AIM OF THE TASK >>
Copy the data that follows exactly. Include no pictures.
── INPUT DATA
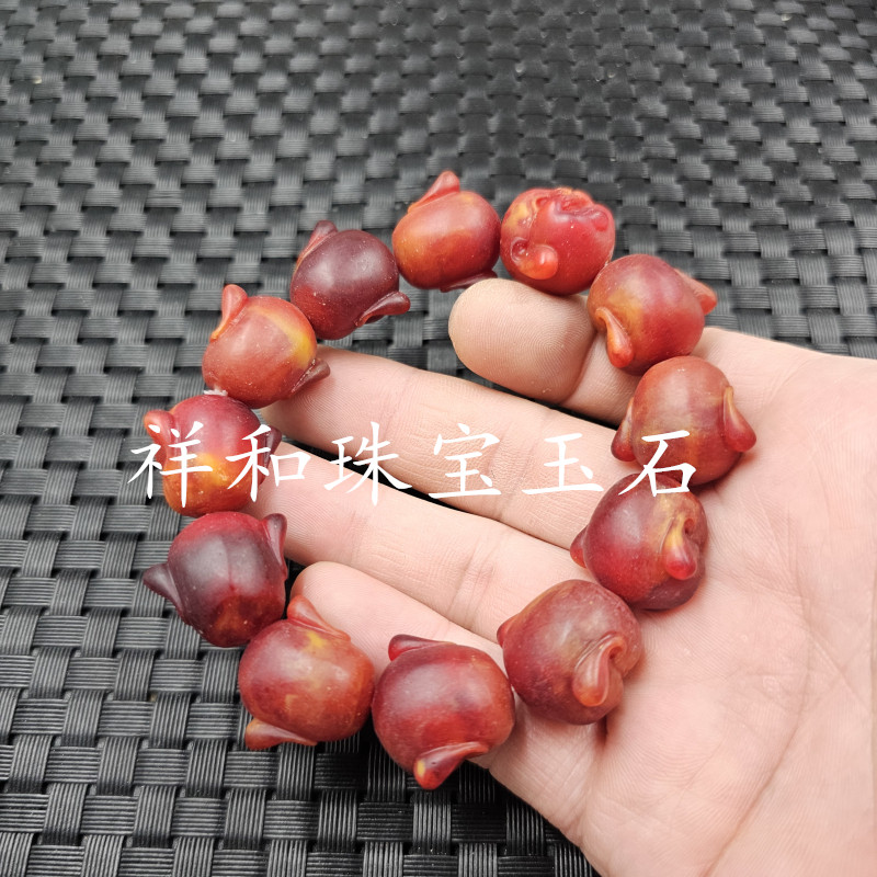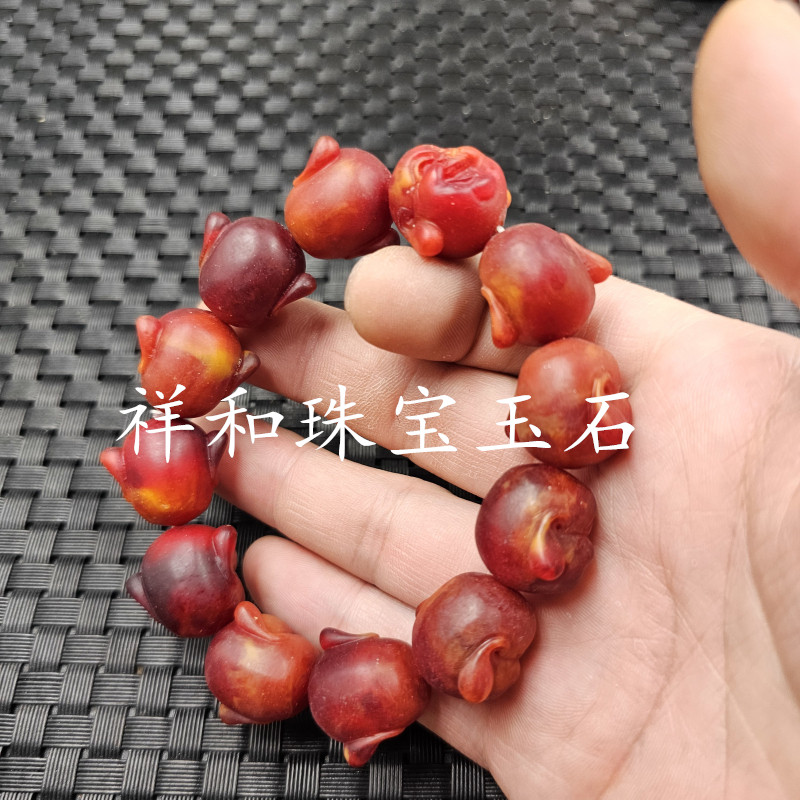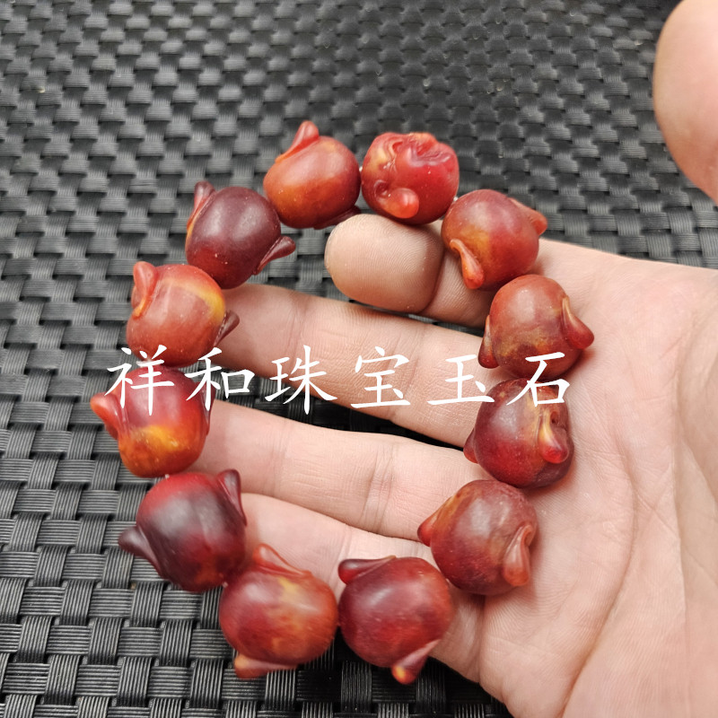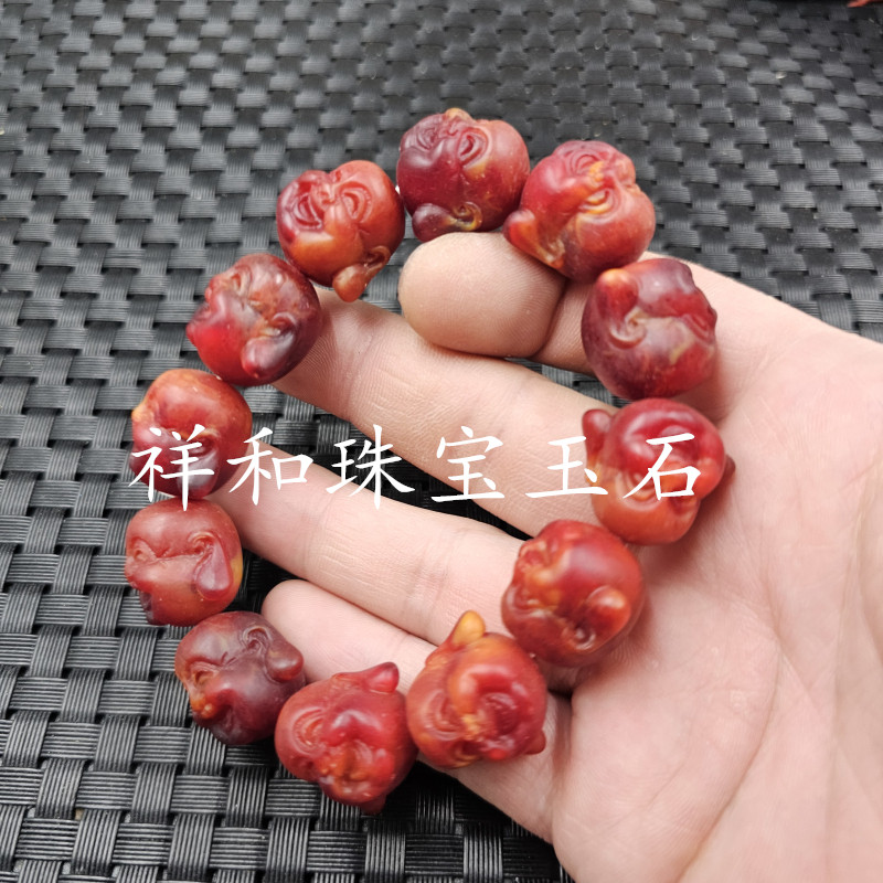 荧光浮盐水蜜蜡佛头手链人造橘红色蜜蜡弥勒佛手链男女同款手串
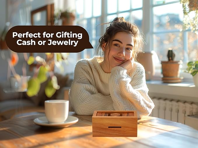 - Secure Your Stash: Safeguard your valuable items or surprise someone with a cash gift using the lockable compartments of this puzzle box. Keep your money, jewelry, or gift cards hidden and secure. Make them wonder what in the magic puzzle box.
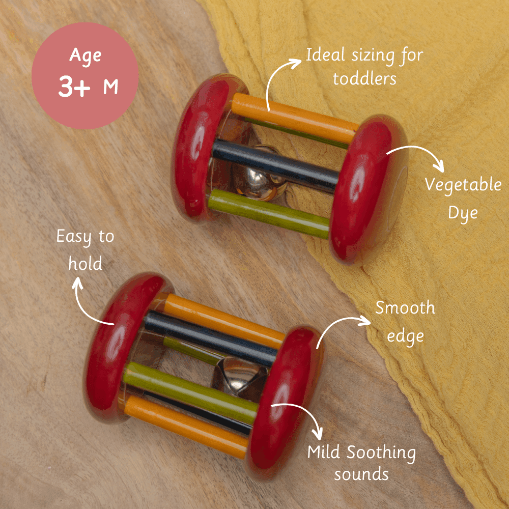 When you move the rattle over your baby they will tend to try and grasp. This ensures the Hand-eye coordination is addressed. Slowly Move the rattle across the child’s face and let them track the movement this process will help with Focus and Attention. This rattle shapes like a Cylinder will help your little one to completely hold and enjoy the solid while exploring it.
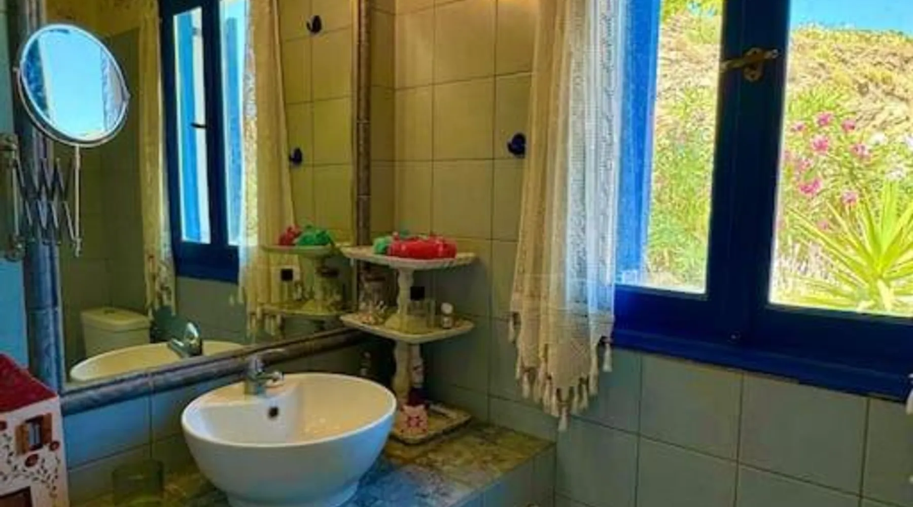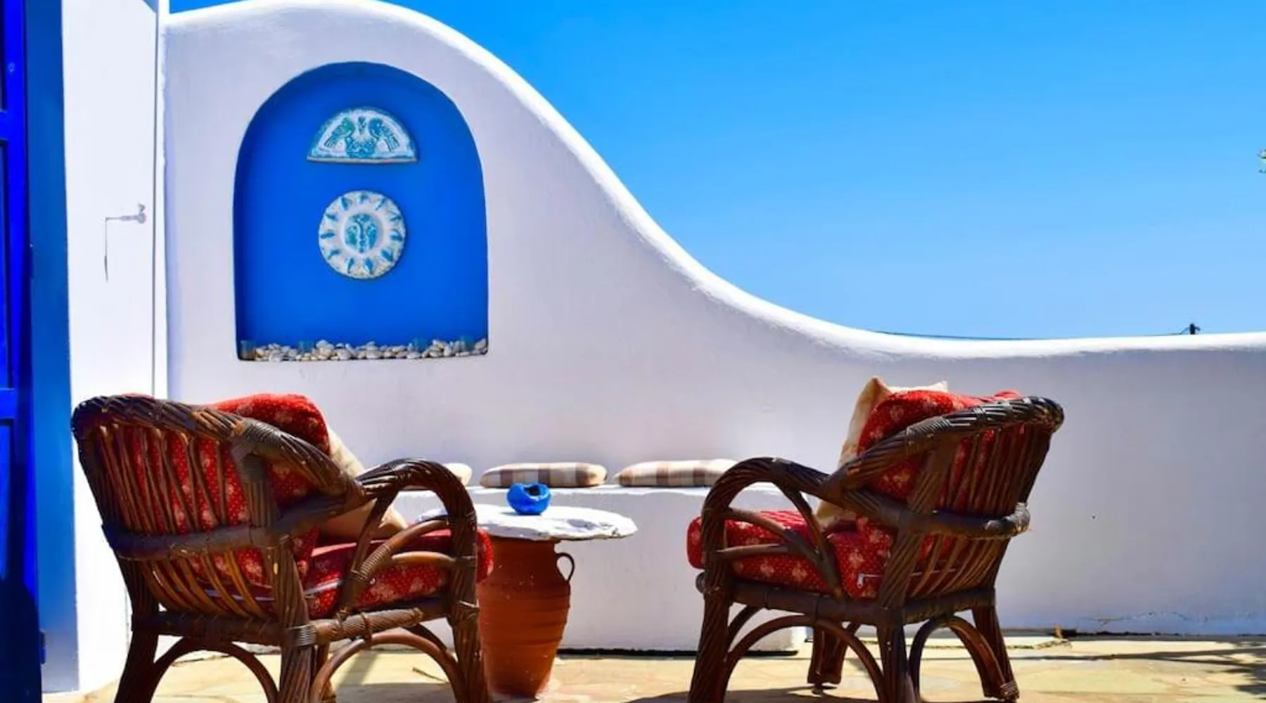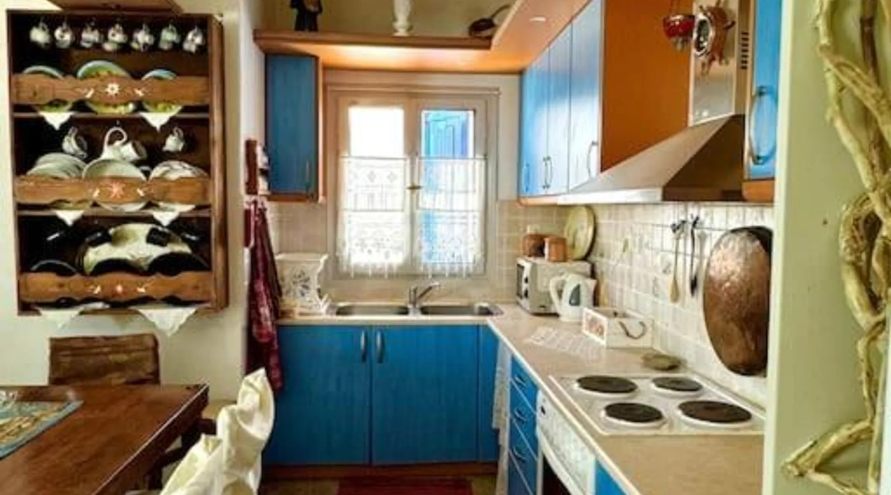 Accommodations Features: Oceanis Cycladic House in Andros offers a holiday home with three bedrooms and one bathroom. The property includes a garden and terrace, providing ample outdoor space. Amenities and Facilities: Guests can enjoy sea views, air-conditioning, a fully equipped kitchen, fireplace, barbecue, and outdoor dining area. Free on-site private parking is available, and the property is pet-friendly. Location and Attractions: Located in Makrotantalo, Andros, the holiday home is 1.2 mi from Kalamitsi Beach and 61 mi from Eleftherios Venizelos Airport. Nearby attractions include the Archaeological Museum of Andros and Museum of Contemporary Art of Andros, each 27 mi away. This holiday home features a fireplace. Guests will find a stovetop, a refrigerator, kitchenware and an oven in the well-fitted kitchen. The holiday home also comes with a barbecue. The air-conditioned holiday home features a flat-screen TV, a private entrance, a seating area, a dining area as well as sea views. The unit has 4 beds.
────
ANSWER TO THE PROBLEM >>
 荧光浮盐水蜜蜡佛头手链人造橘红色蜜蜡弥勒佛手链男女同款手串
 - Secure Your Stash: Safeguard your valuable items or surprise someone with a cash gift using the lockable compartments of this puzzle box. Keep your money, jewelry, or gift cards hidden and secure. Make them wonder what in the magic puzzle box.
 When you move the rattle over your baby they will tend to try and grasp. This ensures the Hand-eye coordination is addressed. Slowly Move the rattle across the child’s face and let them track the movement this process will help with Focus and Attention. This rattle shapes like a Cylinder will help your little one to completely hold and enjoy the solid while exploring it.
 Accommodations Features: Oceanis Cycladic House in Andros offers a holiday home with three bedrooms and one bathroom. The property includes a garden and terrace, providing ample outdoor space. Amenities and Facilities: Guests can enjoy sea views, air-conditioning, a fully equipped kitchen, fireplace, barbecue, and outdoor dining area. Free on-site private parking is available, and the property is pet-friendly. Location and Attractions: Located in Makrotantalo, Andros, the holiday home is 1.2 mi from Kalamitsi Beach and 61 mi from Eleftherios Venizelos Airport. Nearby attractions include the Archaeological Museum of Andros and Museum of Contemporary Art of Andros, each 27 mi away. This holiday home features a fireplace. Guests will find a stovetop, a refrigerator, kitchenware and an oven in the well-fitted kitchen. The holiday home also comes with a barbecue. The air-conditioned holiday home features a flat-screen TV, a private entrance, a seating area, a dining area as well as sea views. The unit has 4 beds.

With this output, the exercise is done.